Faux sentiment de sécurité
Il en résulte souvent un malentendu chez le nouvel arrivant et même chez certains professionnels de la santé qui croient qu'un examen médical d'immigration normal garantit un état de santé global satisfaisant. Ce faux sentiment de sécurité peut avoir de fâcheuses conséquences et amener l'immigrant présentant des symptômes anormaux à consulter un médecin tardivement. Soit parce qu'il croit que cela peut nuire à son dossier, même si la maladie sous-jacente dont il souffre n'est pas visée par l'examen médical d'immigration, soit parce qu'il pense que l'examen médical d'immigration aurait dû dépister toute anomalie méritant d'être rapportée. Imaginez l'impact que cela peut avoir dans le cas d'un nouvel arrivant qui présente des symptômes d'infection transmise sexuellement et qui a des comportements à risque!

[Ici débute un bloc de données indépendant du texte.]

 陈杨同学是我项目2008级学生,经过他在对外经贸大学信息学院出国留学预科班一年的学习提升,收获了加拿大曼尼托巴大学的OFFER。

Ce décalage entre les politiques sanitaires et les données actuelles en matière d’immigration soulève plusieurs craintes.
Entre santé et maladie
Ce décalage entre les politiques sanitaires et les données actuelles en matière d'immigration soulève plusieurs craintes, la première étant l'émergence de maladies «tropicales», préoccupation alarmante à l'aube des pandémies de grippe aviaire et de SRAS.
Les statistiques concernant les nouveaux arrivants sont déficientes, entre autres parce qu'elles ne tiennent pas compte de leur hétérogénéité: un homme d'affaires suédois ne présente évidemment pas le même profil bio-psycho-médical qu'une réfugiée rwandaise! Tout de même, on sait grossièrement que les immigrants souffrent rarement de maladies tropicales potentiellement menaçantes pour la santé publique et il n'est pas justifié de les dépister chez tout arrivant.

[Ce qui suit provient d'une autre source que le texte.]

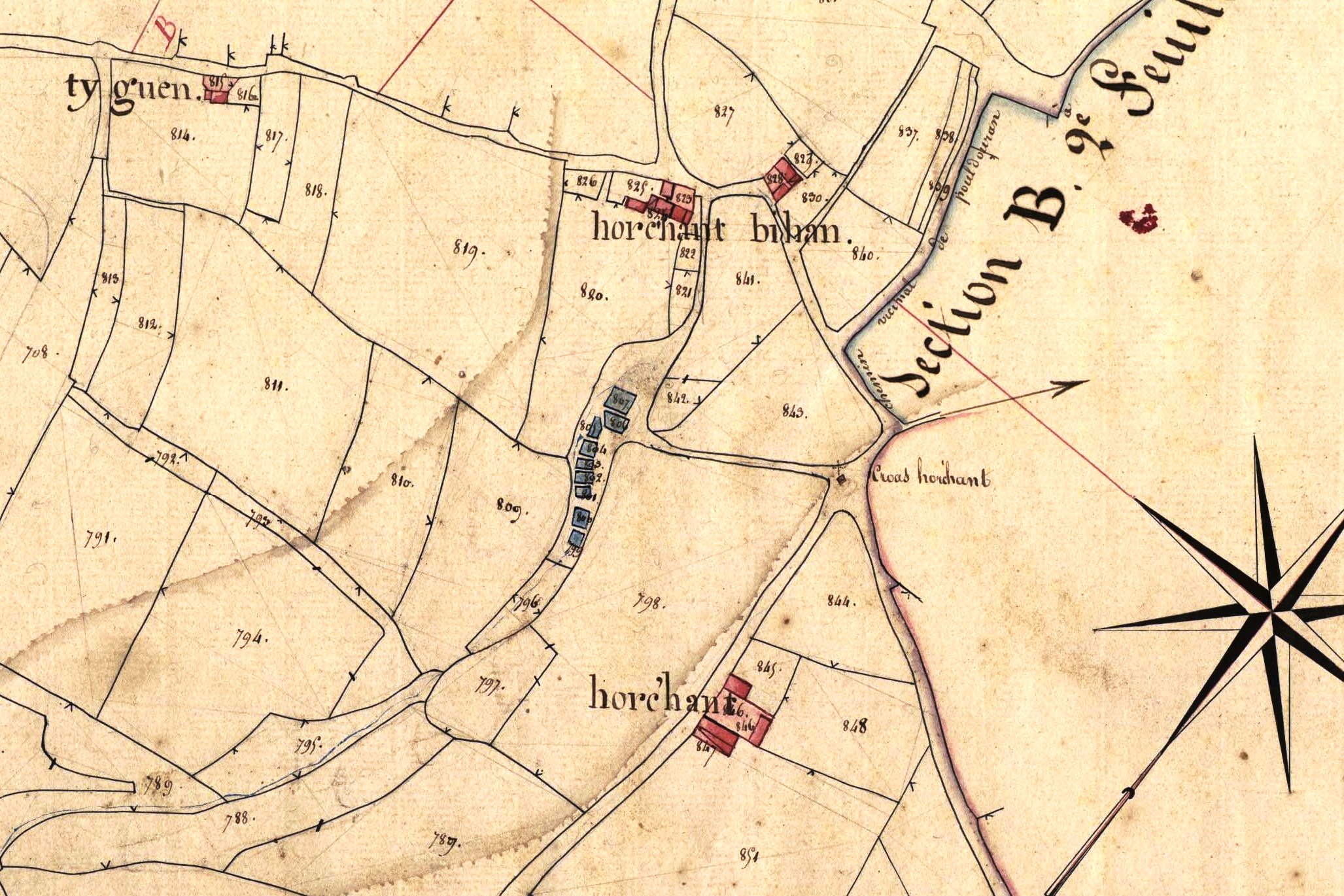 Extrait du plan du cadastre napoléonien de la commune de Trédarzec (parcelles n°C799 à 807)Immatriculation

En ce qui a trait aux maladies chroniques, telles le diabète ou l'hypertension, on pense souvent à tort que ce sont des affections qui touchent seulement les Occidentaux. Or, dans le monde, les taux de mortalité des maladies cardiovasculaires ou des cancers du col de l'utérus, pour ne nommer que ces maladies, sont comparables, voire supérieurs, aux valeurs canadiennes. Ce sont des maladies qui coûtent très cher au système mais qui ne font pas l'objet de l'examen médical d'immigration.